95.0% ROE and a 18.97% net margin projected for FY27F.



Excerpts from CGS International report
Analyst: William Tng, CFA
 

FY27F EPS could grow 300% yoy


■ On 6 Apr 2026, Oiltek announced an HOA for a SAF facility. If converted into a definitive agreement, its order book could reach a record RM1.75bn.

■ We assume Oiltek will be able to convert this HOA into its order book and will complete the project over FY27-28F.

■ This could see Oiltek’s FY27F EPS grow 300% yoy and, at our unchanged 27x FY27F P/E target, raise our TP to S$3.38.

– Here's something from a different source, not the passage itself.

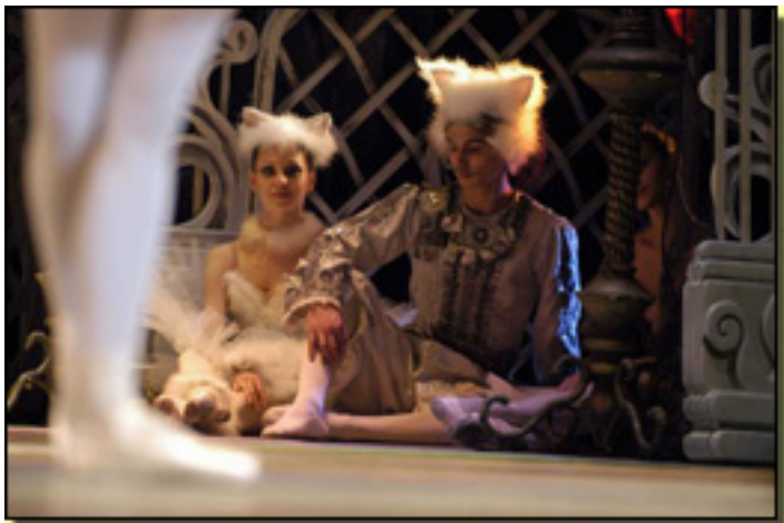
LA BELLA DURMIENTE

Lunes, 22 de Marzo de 2010 11:51 - Actualizado Martes, 11 de Mayo de 2010 15:36
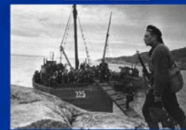
Великая Отечественная война. Фотохроника. Северный флот

Potential record order book if HOA is converted into order
On 6 Apr 2026, Oiltek International announced that its subsidiary, Oiltek Malaysia (unlisted) entered into a Heads of Agreement (HOA) with BioSeaga Industries Sdn Bhd (unlisted) for the provision of construction services of a Sustainable Aviation Fuel (SAF) production facility, with a planned capacity of c.300 metric tonnes per day, in Sabah, Malaysia.

HenryYong Oiltek4.25Henry Yong, CEO of Oiltek.BioSeaga is an affiliate of the Brunei-based BioSeaga group, which specialises in the development of food security and renewable and sustainable fuel projects across the region.

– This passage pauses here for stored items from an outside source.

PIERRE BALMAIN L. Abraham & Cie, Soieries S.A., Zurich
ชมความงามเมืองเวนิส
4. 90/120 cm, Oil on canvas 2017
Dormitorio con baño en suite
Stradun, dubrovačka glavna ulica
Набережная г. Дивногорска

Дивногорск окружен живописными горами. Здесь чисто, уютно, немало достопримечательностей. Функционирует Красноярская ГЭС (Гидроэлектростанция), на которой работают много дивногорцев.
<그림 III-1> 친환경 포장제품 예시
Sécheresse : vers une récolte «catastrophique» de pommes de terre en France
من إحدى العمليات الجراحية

Subject to entry into a definitive agreement, Oiltek Malaysia shall act as the exclusive contractor for the project and undertake the Engineering, Procurement, Construction, and Commissioning (EPCC) works for the plant’s pre-treatment facilities, SAF production plant, tank farm and logistics bulking infrastructure, and partial blending facilities.

The contract value is c.RM1.4bn, by Oiltek’s estimate; if converted, this would boost Oiltek order book to RM1.75bn (from RM350m as at 23 Feb 2026), which is its highest since Oiltek was listed in Mar 2022.

Oiltek Malaysia would also have the right of first refusal to participate in any equity investment, joint venture, or ownership opportunity related to this project or its subsequent phases.



williamtng4.14"We believe the successful execution of this SAF project could pave the way for similar wins."
-- William Tng, CFA, analyst

FY27F net profit could quadruple
We assume that Oiltek will convert this HOA into a definitive order and that the company will complete this project over FY27-28F.

This results in our FY27F net profit quadrupling to RM167m from FY26F.

We believe the successful execution of this SAF project could pave the way for similar wins.

At the same time, potential equity participation in these projects could lessen its dependence on order wins and create a recurring revenue stream for Oiltek. 



Recommendation: reiterate Add

We reiterate our Add call on Oiltek given its potentially record order book.

Given our projection of FY25-28F EPS CAGR of 81%, we reiterate our 27x FY27F P/E valuation (still based on 2 s.d. above its FY23-26F average P/E multiple in view of its strong CAGR).

Re-rating catalysts and downside risks
Re-rating catalysts: further order wins and accretive M&A.

Risks: order cancellations/delays, a weaker US$ vs. RM, and unanticipated disruptions in raw material supply (which will affect Oiltek’s ability to complete its projects).